Page 1 of 1

Problem with pdf file import

Posted: Mon May 02, 2016 7:13 am
by Reinhard
Since scientific journals do not care about doi extraction and the doi of the article can be on the first or last page (or missing), it would be great if Bookends could provide a higher level of control (import log).
Currently, the references and pdfs are imported automatically from the watchfolder...and if something goes wrong, you cannot undo the changes to your library, because you don't know the changes, which have been made to the library.
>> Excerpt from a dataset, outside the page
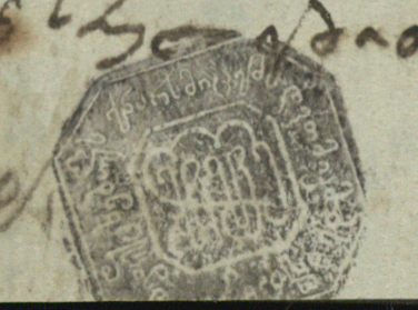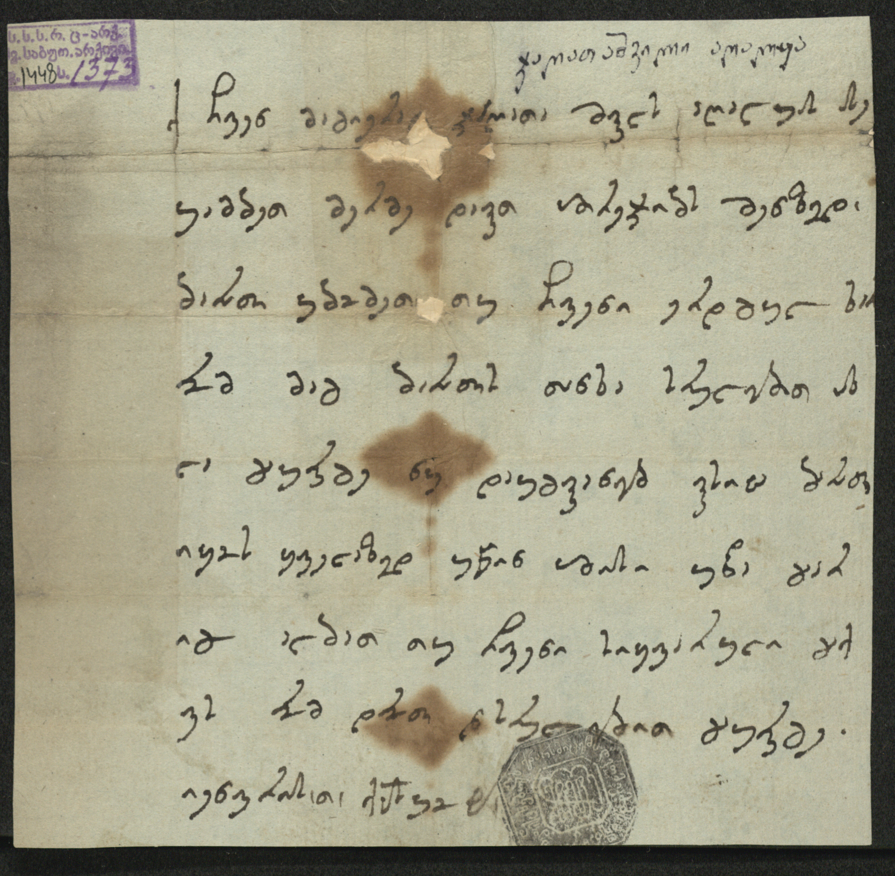 ცისფერი ქაღალდი ჭვირნიშნით და ყავისფერი ლაქებით, შესრულებული შავი მელნით

Today I imported 50 pdfs: Some pdfs resulted in wrong reference data, others did not show up in the reference list at all although the pdfs were added to the attachment folder by Bookends (with wrong names). E.g. multiple pdfs were named after a wrong reference + a varying number...and these references did not show up in the Bookends library. I assume that some references are causing a hiccup (Bookends) and after that things go wrong.

To repair the references with the wrong metadata, one has to delete the URL, the ISSN, PMID and the DOI, add the correct DOI or PMID and do a "autocomplete from internet". In addition, one has to use the option rename pdf.
This is a complex procedure and I wonder, if a new feature "repair wrong metadata" could do the job. It should open a window, where one can enter either the DOI or the PMID and Bookends does the repair automatically (delete other "critical" identifiers and renames the pdf).

For the problem with the abandoned pdfs with wrong names, I do not know any good solution. Maybe, it would be better, if Bookends puts all pdfs of a recent import in one folder, so that one can control what has been done...and if it is ok, the user confirms...and the pdfs are moved to the main attachment folder of Bookends.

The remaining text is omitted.